- [Entries supplied]

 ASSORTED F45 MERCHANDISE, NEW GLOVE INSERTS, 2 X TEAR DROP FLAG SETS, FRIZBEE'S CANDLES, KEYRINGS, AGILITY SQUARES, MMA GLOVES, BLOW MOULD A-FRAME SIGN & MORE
---
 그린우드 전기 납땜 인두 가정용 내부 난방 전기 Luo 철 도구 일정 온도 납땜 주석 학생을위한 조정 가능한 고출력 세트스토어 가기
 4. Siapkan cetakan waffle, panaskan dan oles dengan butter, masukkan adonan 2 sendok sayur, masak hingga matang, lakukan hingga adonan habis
---
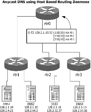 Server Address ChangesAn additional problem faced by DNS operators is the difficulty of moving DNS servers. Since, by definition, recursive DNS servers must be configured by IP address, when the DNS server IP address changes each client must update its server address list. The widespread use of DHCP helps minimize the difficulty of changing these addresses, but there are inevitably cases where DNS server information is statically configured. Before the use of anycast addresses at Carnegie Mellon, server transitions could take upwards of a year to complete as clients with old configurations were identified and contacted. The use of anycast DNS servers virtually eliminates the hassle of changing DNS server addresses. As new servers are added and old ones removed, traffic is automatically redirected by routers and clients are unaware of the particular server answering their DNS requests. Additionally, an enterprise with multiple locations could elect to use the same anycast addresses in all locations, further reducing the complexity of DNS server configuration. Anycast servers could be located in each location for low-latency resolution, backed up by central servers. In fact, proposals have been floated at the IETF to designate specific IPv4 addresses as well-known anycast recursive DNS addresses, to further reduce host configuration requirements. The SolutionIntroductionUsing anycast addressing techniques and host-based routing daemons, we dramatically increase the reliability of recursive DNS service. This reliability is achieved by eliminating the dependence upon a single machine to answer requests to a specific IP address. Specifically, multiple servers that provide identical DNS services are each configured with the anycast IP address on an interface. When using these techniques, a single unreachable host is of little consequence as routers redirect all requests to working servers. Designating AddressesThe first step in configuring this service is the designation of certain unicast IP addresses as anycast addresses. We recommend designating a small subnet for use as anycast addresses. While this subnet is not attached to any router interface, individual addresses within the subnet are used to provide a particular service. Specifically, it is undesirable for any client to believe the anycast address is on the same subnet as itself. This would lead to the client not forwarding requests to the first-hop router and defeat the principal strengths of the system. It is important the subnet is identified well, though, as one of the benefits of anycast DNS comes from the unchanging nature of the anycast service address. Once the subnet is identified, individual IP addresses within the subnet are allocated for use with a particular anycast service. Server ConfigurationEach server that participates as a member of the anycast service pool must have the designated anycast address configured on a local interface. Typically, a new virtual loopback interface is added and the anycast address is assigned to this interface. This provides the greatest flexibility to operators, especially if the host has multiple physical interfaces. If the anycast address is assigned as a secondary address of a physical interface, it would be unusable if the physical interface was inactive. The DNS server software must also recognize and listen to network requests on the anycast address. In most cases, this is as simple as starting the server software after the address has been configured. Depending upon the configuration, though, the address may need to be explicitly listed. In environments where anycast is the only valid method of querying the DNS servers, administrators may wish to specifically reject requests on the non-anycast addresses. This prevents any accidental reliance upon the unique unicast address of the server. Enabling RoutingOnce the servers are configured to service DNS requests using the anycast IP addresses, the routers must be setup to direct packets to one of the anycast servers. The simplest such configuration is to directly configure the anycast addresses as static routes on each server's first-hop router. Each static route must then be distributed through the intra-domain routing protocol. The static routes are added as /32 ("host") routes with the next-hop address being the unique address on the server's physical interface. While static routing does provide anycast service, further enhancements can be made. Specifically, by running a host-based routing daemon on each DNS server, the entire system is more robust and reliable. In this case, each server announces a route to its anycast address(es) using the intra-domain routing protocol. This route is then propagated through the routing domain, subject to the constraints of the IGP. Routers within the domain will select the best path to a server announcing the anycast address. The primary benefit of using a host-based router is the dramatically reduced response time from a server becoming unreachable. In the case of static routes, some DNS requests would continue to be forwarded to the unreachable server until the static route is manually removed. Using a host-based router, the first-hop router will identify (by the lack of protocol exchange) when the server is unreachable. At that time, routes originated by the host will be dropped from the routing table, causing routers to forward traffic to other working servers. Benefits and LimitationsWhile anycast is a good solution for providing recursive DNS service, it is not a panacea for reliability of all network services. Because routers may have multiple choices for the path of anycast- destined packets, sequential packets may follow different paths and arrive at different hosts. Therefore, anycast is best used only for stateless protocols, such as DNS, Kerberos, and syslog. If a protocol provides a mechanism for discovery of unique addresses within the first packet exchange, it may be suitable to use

- [Directions for this task] In the listing above, find the line holding "그린우드 전기 납땜 인두" and the line holding "4. Siapkan cetakan", then output those two lines and every line between them exactly.

- [Solution below]
 그린우드 전기 납땜 인두 가정용 내부 난방 전기 Luo 철 도구 일정 온도 납땜 주석 학생을위한 조정 가능한 고출력 세트스토어 가기
 4. Siapkan cetakan waffle, panaskan dan oles dengan butter, masukkan adonan 2 sendok sayur, masak hingga matang, lakukan hingga adonan habis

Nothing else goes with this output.